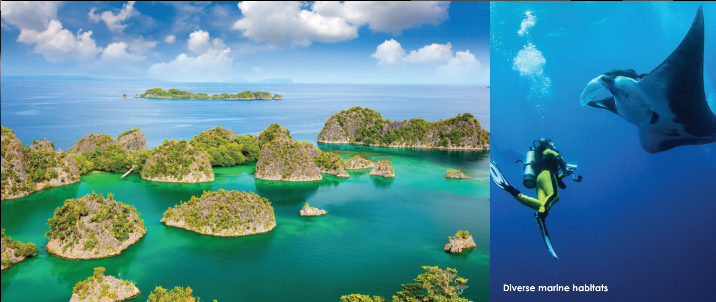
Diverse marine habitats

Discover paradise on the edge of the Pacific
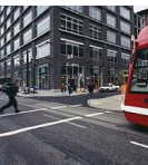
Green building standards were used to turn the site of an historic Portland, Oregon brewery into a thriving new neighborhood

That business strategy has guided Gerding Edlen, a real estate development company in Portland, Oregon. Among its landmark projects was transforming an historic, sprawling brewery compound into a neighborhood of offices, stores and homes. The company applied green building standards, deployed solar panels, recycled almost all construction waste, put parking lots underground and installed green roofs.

## What to produce
Provide every line from the material that contains the word "neighborhood".

## Written answer
Green building standards were used to turn the site of an historic Portland, Oregon brewery into a thriving new neighborhood
That business strategy has guided Gerding Edlen, a real estate development company in Portland, Oregon. Among its landmark projects was transforming an historic, sprawling brewery compound into a neighborhood of offices, stores and homes. The company applied green building standards, deployed solar panels, recycled almost all construction waste, put parking lots underground and installed green roofs.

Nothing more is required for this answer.